At least not in the context of a single game. The sport isn’t predictable.
Most times this season, the Padres can be thankful for that.
They hit less often than any team, yet they have won more often than just a handful of teams.
On Sunday, though, the vagaries of baseball worked against them and deprived them of a series sweep.
That and the fact that they continued to make outs when a hit would matter most.
“Just couldn’t get the big knock,” Fernando Tatis Jr. said. “Kept building momentum, but didn’t finalize the last punch.”
They lost 5-2 to the Athletics on a cool, cloudy afternoon at Petco Park when their No. 1 starter got battered around and they could not turn nine hits into much of anything.
They threatened to win another game in the final half-inning, something they have done an MLB-high eight times.
But after Jackson Merrill and Ramón Laureano walked to start the ninth inning, Ty France struck out against left-hander Hogan Harris before righty Scott Barlow came in to strike out pinch-hitter Nick Castellanos and get Tatis on a game-ending fly ball to right field.
“First two at-bats, guys did a great job getting on,” France said. “Felt like we had some momentum. We just stopped it.”
The ending, though, was just that. The Padres were down from the start, and all of their rallies in between turned out to be just hiccups.
The Athletics used opener Luis Medina before handing the ball to struggling left-hander Jacob Lopez, who allowed one run over 4⅔ innings and lowered his ERA to 5.73 in his best outing of the season.
Padres starter Michael King, conversely, had his worst start and was gone before the fourth inning was finished with the Padres trailing 4-0.
The Athletics scored a run in the ninth inning against Bradgley Rodriguez to make the lift heavier for the Padres in the ninth.

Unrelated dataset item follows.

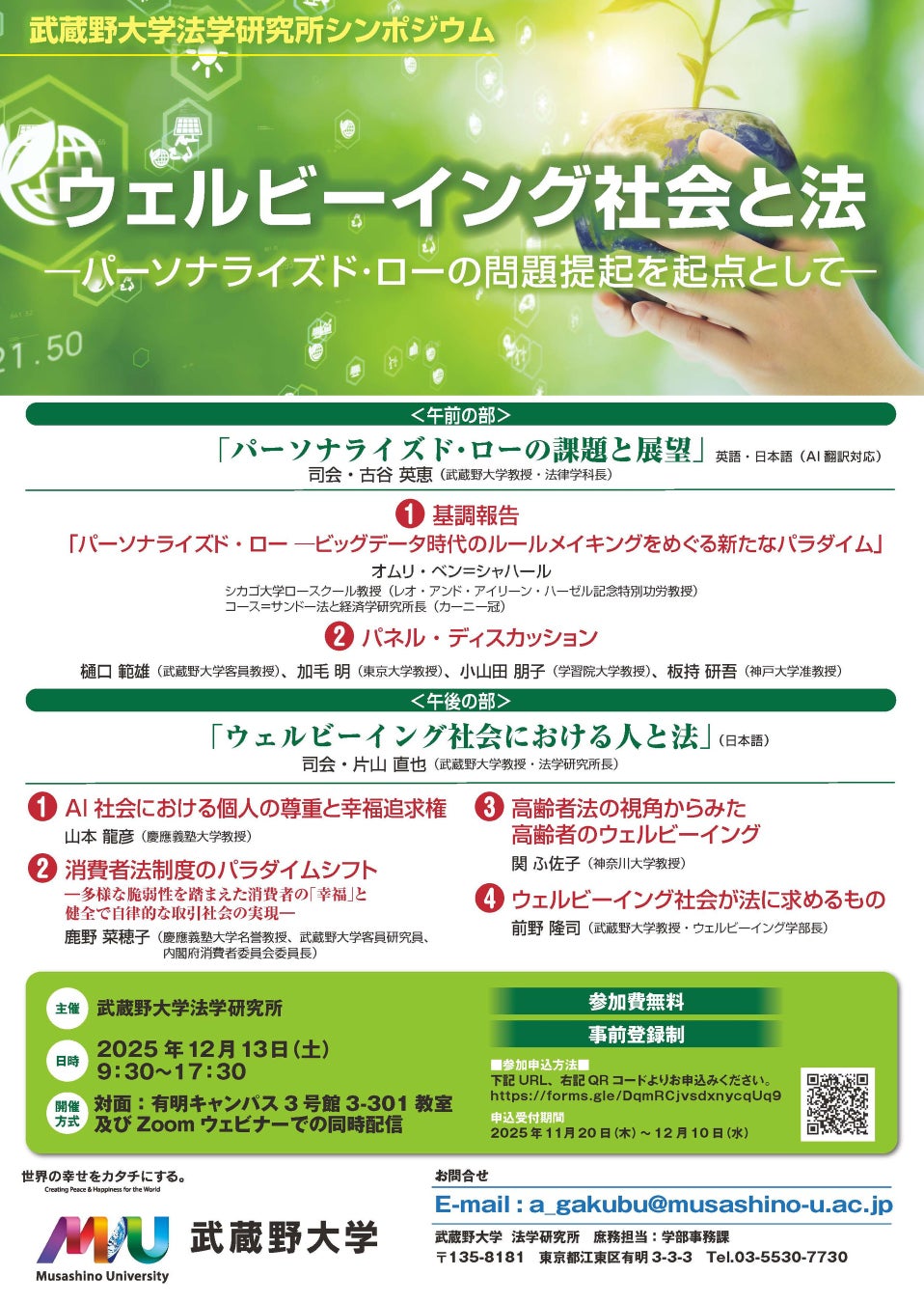 武蔵野大学法学研究所(所長:片山 直也)は、12月13日(土)に武蔵野大学有明キャンパス3号館でシンポジウム『ウェルビーイング社会と法―パーソナライズド・ローの問題提起を起点として―』を開催します。

Those were their first runs since the fourth inning, as Padres relievers Ron Marinaccio and Wandy Peralta did their part to facilitate a comeback by combining for 4⅓ scoreless innings.
King's troubles began with the first batter of the game.
After Carlos Cortes watched two strikes and fouled off the next three pitches, he sent a changeup at the bottom of the zone 380 feet, off the top of the right-field wall and into the seats.
It got worse from there, as nine of the final 18 batters King (4-3, 2.76) faced reached base.
The Athletics added two runs on a walk, a double and a single in the second inning. After a leadoff double in the fourth inning, a pair of one-out walks loaded the bases before King got a second out. But a wild pitch brought home the Athletics’ fourth run.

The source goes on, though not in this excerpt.